To use the chisq.test() function we need to put the data into a 2x2 matrix or table: 

    matrix(rmultinom(1,100,c(1/4,1/4,1/4,1/4)),ncol=2)
Every time we use the rmultinom() function we get a new sample. Finally, let's generate a sample and use the chisq.test() function: 
    A = matrix(rmultinom(1,100,c(1/4,1/4,1/4,1/4)),ncol=2)
    chisq.test(A,correct=F)
Or save the results in a new dataset: 
    A = matrix(rmultinom(1,100,c(1/4,1/4,1/4,1/4)),ncol=2)
    B = chisq.test(A,correct=F)
    names(B)
    B
    B$stat
Look at the output from each step to make sure you understand it!

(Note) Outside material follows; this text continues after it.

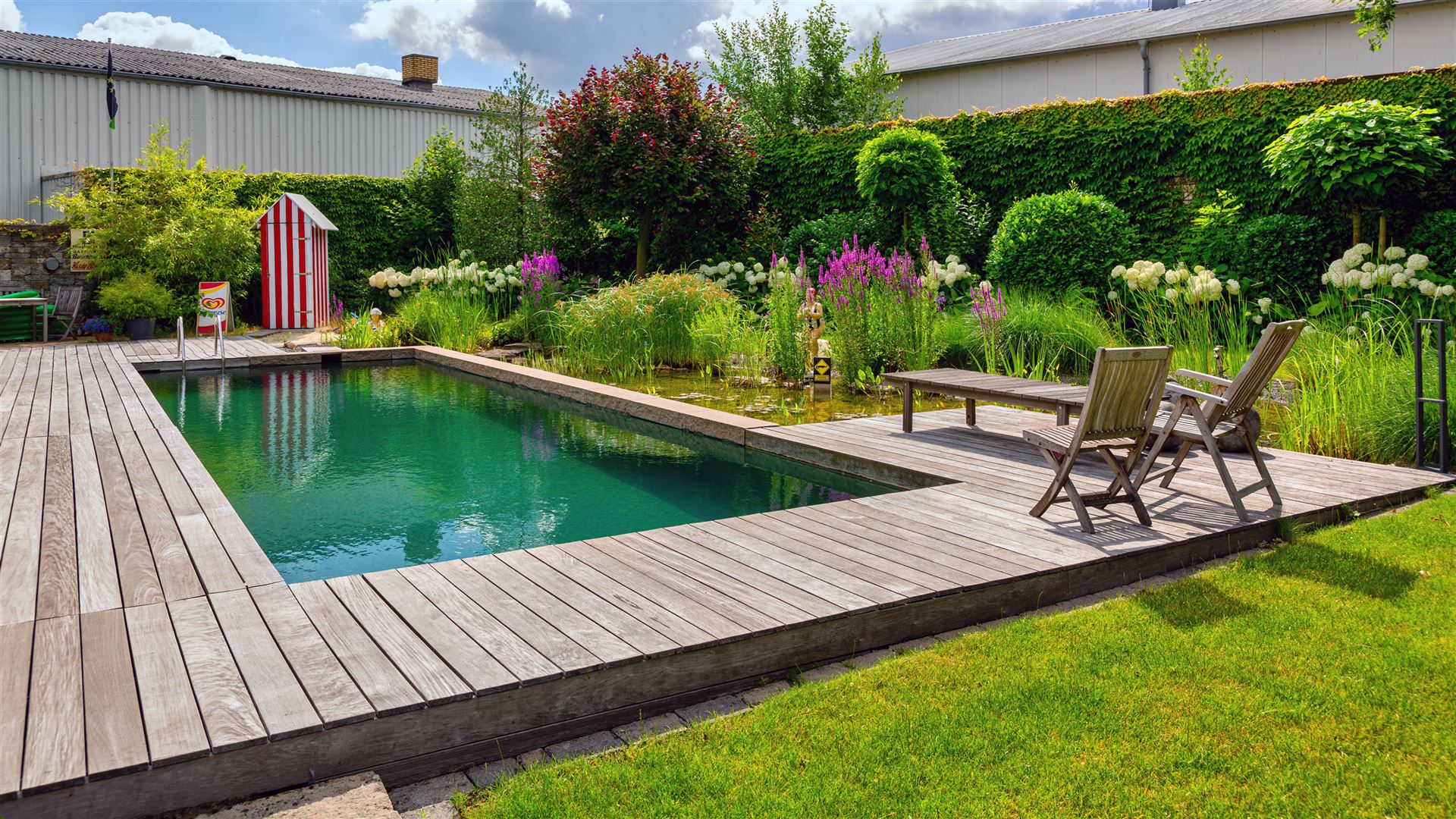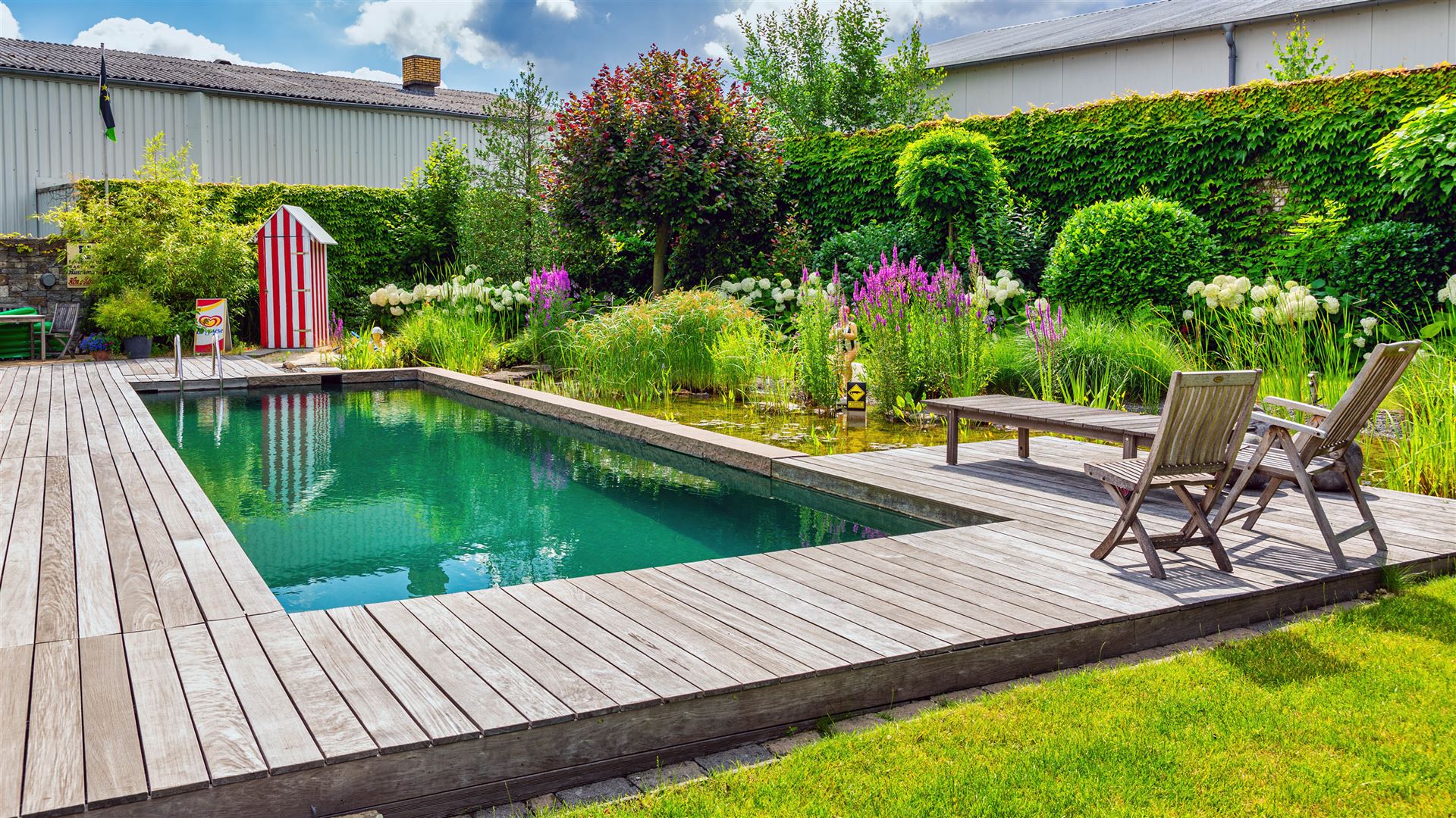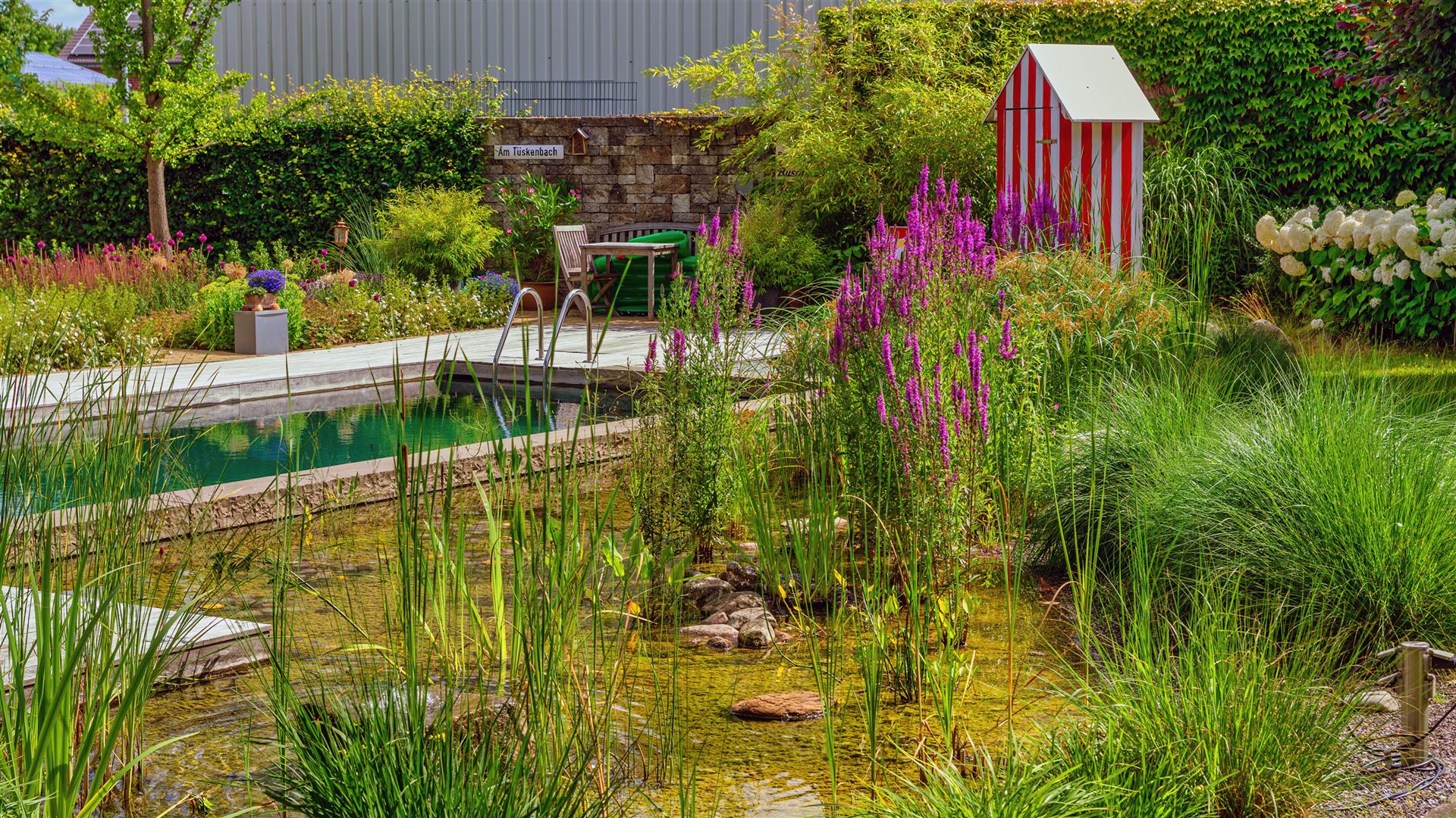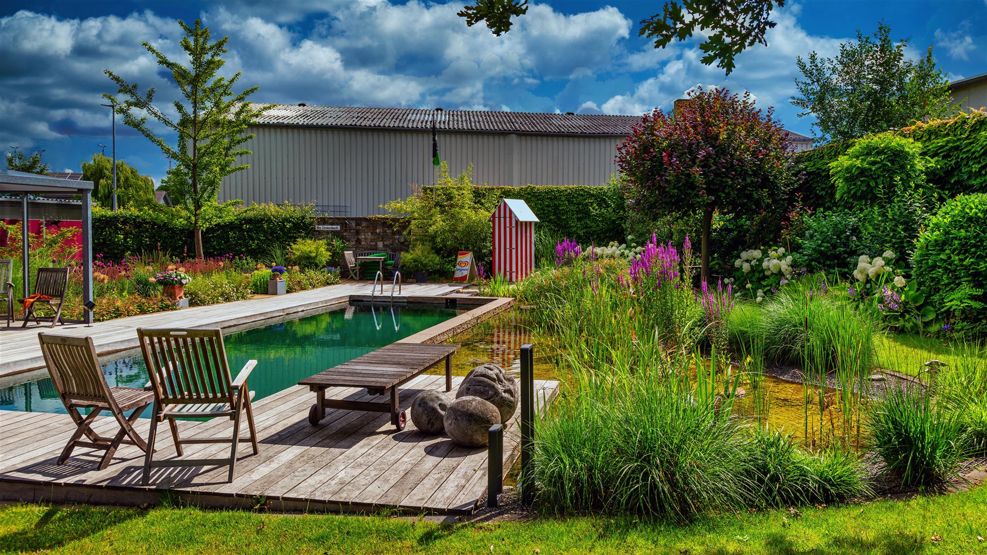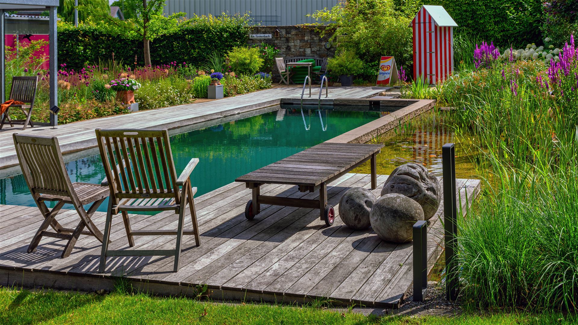 Swimmingpool mit Teichanlage

Now, let's do our experiment 1000 times. There are various ways to do this, here is a simple one:

  1. create a dataset (X) to hold the computed chi-squared values.
  2. repeat 1000 times: generate a sample, put it in a matrix, and compute the chi-squared statistic, storing it in our dataset X.
  3. look at X. 
    X = rep(0,1000)

    for(i in 1:1000)
    {
    A = matrix(rmultinom(1,100,c(1/4,1/4,1/4,1/4)),ncol=2)
    B = chisq.test(A,correct=F)
    X[i] = B$stat
    }
Now look at X; too see the 1000 numbers, just enter the name of the dataset, X. That isn't very useful, is it? How about a histogram: 
hist(X)
or just compute the 95-th percentile: 
quantile(X,.95)
Notes: The chisq.test() function will return a missing value (actually "Inf") whenever there is a row or column that is entirely zeros. That is because the expected count is zero in that case, and the chi-squared statistic is computed as sum((O-E)^2/E). In the simulation you can replace these missing values by some rather large number to include them in the compuation. Make sure choose a number large enough so that you won't confuse it with a finite chi-squared value that might actually arise. 
     X[is.na(X)]= 1000

Homework!

  1. Do a simulation generating 10000 chi-squared values for tables corresponding to a sample size of 20 with probabilities (1/6,1/6,1/3,1/3). Create a histogram and compute the 95th percentile.
  2. Do a simulation generating 10000 chi-squared values for tables corresponding to a sample size of 200 with probabilities (1/6,1/6,1/3,1/3). Create a histogram and compute the 95th percentile.
  3. Both simulations are generating chi-squared values with 1 degree of freedom. How do they compare to the theoretical chisquared value of 3.84 for the 95-th percentile?